(Data extracted from a collection)
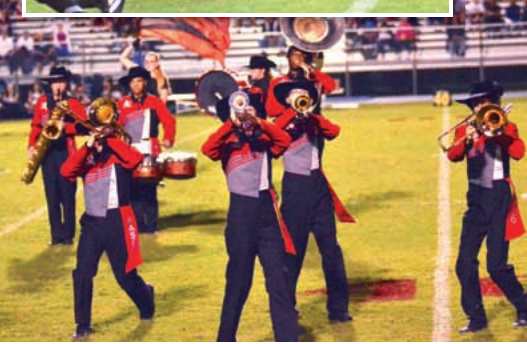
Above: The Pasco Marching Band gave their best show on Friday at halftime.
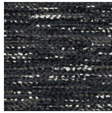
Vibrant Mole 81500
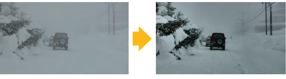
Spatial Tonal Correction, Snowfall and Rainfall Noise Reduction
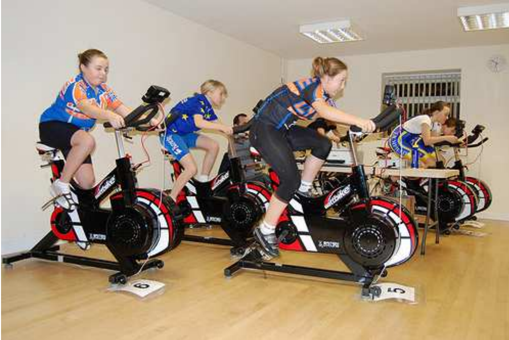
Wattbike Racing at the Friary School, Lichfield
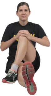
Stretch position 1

● EXERCISE PROMPT
Restate word for word the lines that begin at the one containing "Spatial Tonal Correction, Snowfall" and end with the final line of the records. Pictures stay out.

● EXERCISE RESPONSE
Spatial Tonal Correction, Snowfall and Rainfall Noise Reduction
Wattbike Racing at the Friary School, Lichfield
Stretch position 1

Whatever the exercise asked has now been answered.